Storage area networks (SANs) can significantly improve the performance of networked data movement. These performance gains are achieved through a combination of network architecture and the implementation of high-performance technologies such as Fibre Channel. A SAN centralizes storage and eliminates the need to deploy LAN traffic to move data between storage devices. Storage networks also allow multiple servers to access the storage simultaneously, providing exceptional potential for scalability and throughput.

Software vendors have responded to the opportunities for performance gains in SANs by delivering solutions to leverage the unique aspects of centralized storage. For example, a variety of software applications enable "LAN-free" backups, where little or no LAN traffic is generated during data archival operations.

Despite the significant opportunities for enhanced performance through SANs, there are a number of ways in which performance can be degraded. If a SAN is deployed with few data paths to a storage device relative to the traffic that the device receives and/or generates, performance may suffer. A data path that includes devices that are mismatched-in terms of throughput capability-may degrade performance to the level of the lowest-performing device. Even if the data paths and devices are implemented to optimize the bandwidth of each path and the device capabilities within the paths, the constant archival of new data and deployment of new applications and devices may change the usage patterns of the data paths. This can result in some paths that have excess bandwidth while others do not have enough. For this reason, SAN performance must be planned, monitored, and tuned.

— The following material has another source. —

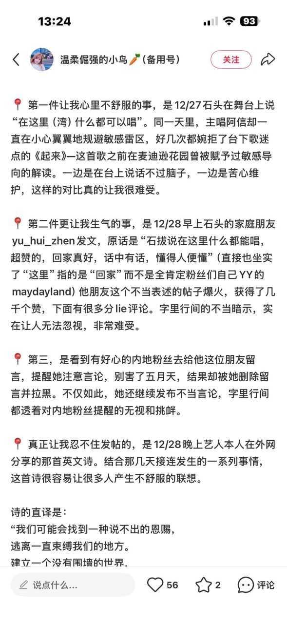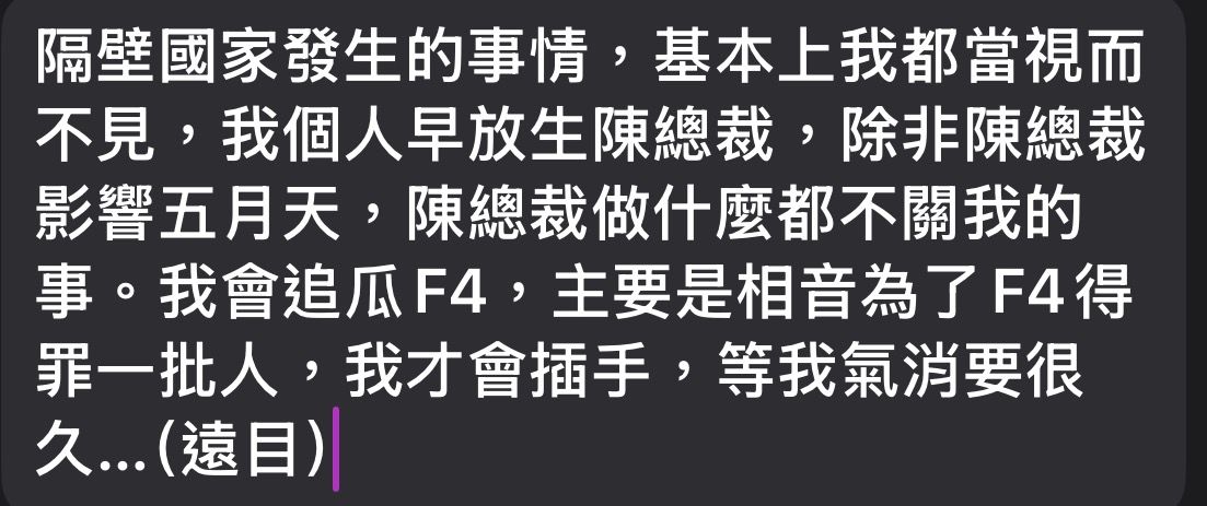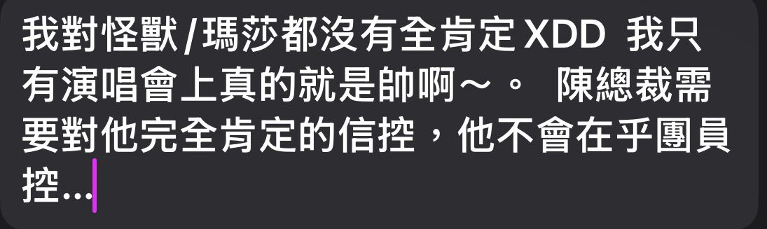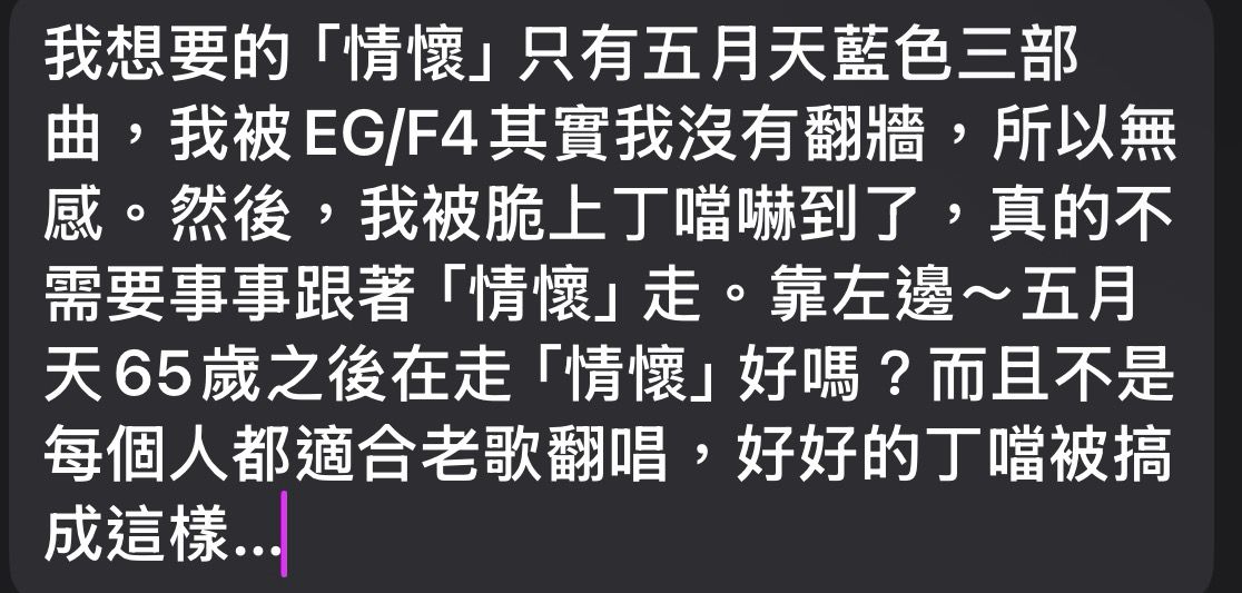 Forever x2出來後 第一次被這麼多路人關心「主唱怎麼了」 (誒我不是早宣布脫粉了嗎哈) 看了後也真是嚇一跳,真的是@@的那種 更蛤的是他直播解釋手會什麼要動來動去 一是我覺得沒必要解釋 二是為什麼不直說「我覺得這樣很帥啊」 真辛苦,而且不懂為什麼要搞得那麼辛苦 2024那一天後我就不再聽了 覺得難以名狀的苦悶和心痛 但這一次因為驚嚇過度 反而有助於我徹底割裂過去、現在和未來 開玩笑的說,反正主唱可能真的被奪舍了 可以安心聽以前的歌了哈哈哈 真好聽 大家都還好嗎? --

Planning for SAN performance

SAN performance starts with the selection of the right equipment. Switches, routers, hubs, and bridges should provide as near-equivalent throughput as possible within each data path. Inserting a 1Gbps switch between two 2Gbps switches can lower the data throughput to 1Gbps.

If there are lesser-capacity components that must be implemented in the SAN, these can be relegated to less-critical data paths or used as redundant fail-over links across higher-bandwidth data paths.

If the storage administrator's budget does not allow for the purchase of the highest-capacity equipment, then a trade-off analysis can be performed to identify the right mix of bandwidth and availability risk versus device performance. It may be better, in some cases, to have additional bandwidth and redundancy available through multiple devices rather than one high-performance device. This might be true for certain backup applications, where additional links to ensure the backup occurs could be more important than performing individual block transfers quickly. Website data centers might also prefer greater bandwidth to individual device performance to a certain degree. This trade-off is particular to a given data center's situation and preferences.


SAN management software provides tools for quickly identifying and correcting performance issues. Visual indicators help administrators isolate trouble areas to specific components or segments of the SAN.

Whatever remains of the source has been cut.